Russian or Danish may be fun electives for a child to take, but they will not prepare them for the real U.S. job market in the way Spanish language classes would. Let’s be fair: if we are – as appears evident - becoming a bilingual society, why deprive native English speakers of the opportunity to be competitive in the job market?

Support
Default_avatar
Lynn x over 4 years ago

We are not "becoming" a bilingual society, we have been a bilingual society for a very long time. But during all those years no forgien language has ever needed to be required to learn. The real job market in the past has never needed a required forgein language and the only reason it would need to start now is if the Spanish speaking people fail to follow suit and learn English. I do not want my child's learning time to be taken up with learning Spanish (unless it's a chosen elective). There is enough basic learning skills to concentrate on knowing. Time should not be taken to learn Spanish just to enable those that don't know English. Simple solution, learn English. Just as my family did instead of making others learn Danish. If HSD makes this a requirement I will not vote to give more taxes to the schools because this is NOT one way I want my tax dollars spent for education.  Let Spanish continue to be a "fun" elective. You can not make one forgein language more important than others, it's discrimination.

Support
Default_avatar
Karen x over 4 years ago

We are a multilingual nation! English as the national language should have been established decades ago. We are being forced into the Spanish-English bilingualism because of the huge influx of illiterate Spanish-speaking populations. To choose to make Spanish our primary "language to learn" disrespects the value of the many, many other people living in America whose first language is not Spanish or English. We need to focus on the teaching of English. A common language is the first bond to bringing diverse people together into an equitable society - America was built on this foundation! Enabling communities to isolate themselves with language barriers keeps them isolated and often, in the lowers levels of the economy.

Support
Default_avatar
Melissa Ponder over 4 years ago

To my knowledge ESL programs simply help limited and non-English speaking students learn English regardless of where they are from or why they are in the US, or their first language literacy.

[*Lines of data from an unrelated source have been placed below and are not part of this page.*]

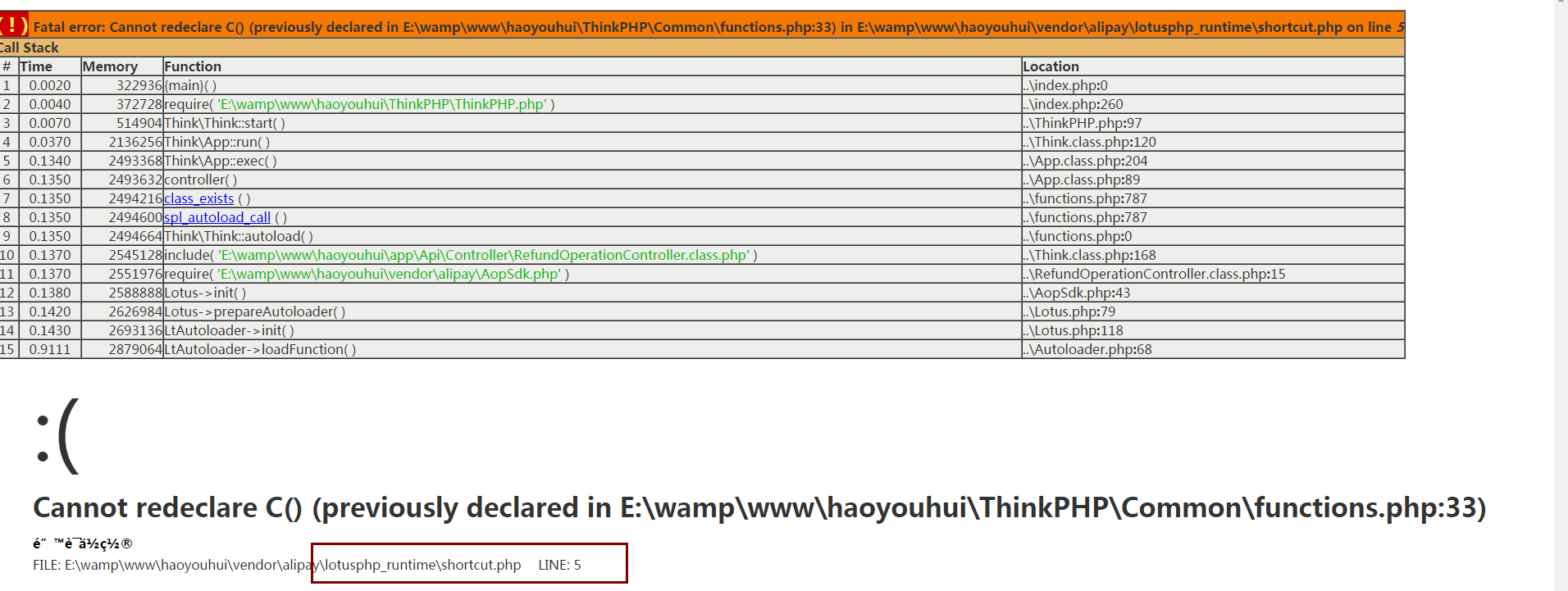 引入了阿里之心的支付接口 tp5没事 tp3 报上面错误
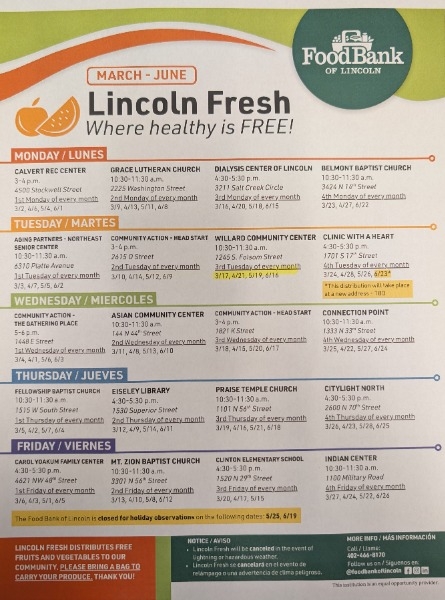 Lincoln Fress Program through the Food Bank of Lincoln will resume handing out fresh fruits and vegetables in front of Willard beginning Tuesday, March 12, 2024, through the middle of June. Open and free to the public! Bring your . . .
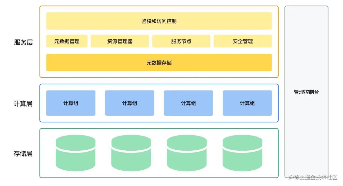 服务层包括了所有与用户交互的内容,包括用户管理、身份验证、查询优化器,事务管理、安全管理、元数据管理,以及运维监控、数据查询等可视化操作功能。
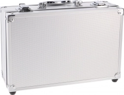 De zilverkleurige koffer met sluitingen en stevig handvat beschermt je cosmetica en maakt meenemen thuis en onderweg eenvoudig.
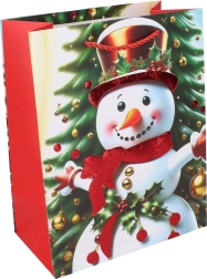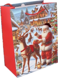 Ta božična darilna vrečka olajša zavijanje in vašim darilom doda reprezentativen videz. Zaradi praktičnih mer vanjo spravite knjige, kozmetične komplete, tekstil in manjše škatle. Kakovosten material in čvrsti ročaji zagotavljajo udobno in varno prenašanje.

But, Highline has two elementary schools with dual English/Spanish tracks that started with Kindergarten, one of the schools might be up to 4th grade now. The classes are very diverse and include children not from Spanish speaking homes. I'm not sure when, but I believe a duall English/Vietnamese track will be starting soon. 

I believe the study of multiple languages can only make us all smarter. 

Support
Default_avatar
David x about 4 years ago

The practice of separating ESL students from main line students, results in the loss of an amazing opportunity to pick up the sounds, basic vocabulary, and cultural elements which is freely available.  I’m disappointed that my child attends a school with a significant number of Spanish speakers, has almost no encounters with Spanish speakers.

 

I don’t think we should require kids to learn Spanish in grade school.  However many industries are becoming globalized.  Citizens with experience with a second language are better prepared for these sorts of work environments.

Support
Default_avatar
Vince ONeill about 4 years ago

I agree wholeheartedly with the idea of teaching a second laguage to all students.  I believe the curriculum should go beyond laguage and really educate students about cultures that make up this community.  Our world is more global and more connected all the time and Highline has an incredible untapped resource to help its students learn about it.  Also, imagine how much more engaged students would feel when they see their own cultures and heritage featured in the curriculum?

Support
Default_avatar
Nathan x about 4 years ago

That's dumb.

You're a native english speaker in a primarily english speaking community. You are at an advantage. They are non-native speakers and therefore at a disadvantage.

Perhaps gradeschool programs could be implemented on small scales, but to say that it should be part of the primary curriculum is silly. Perhaps a by-request-only program could be made avaliable to those that are interested.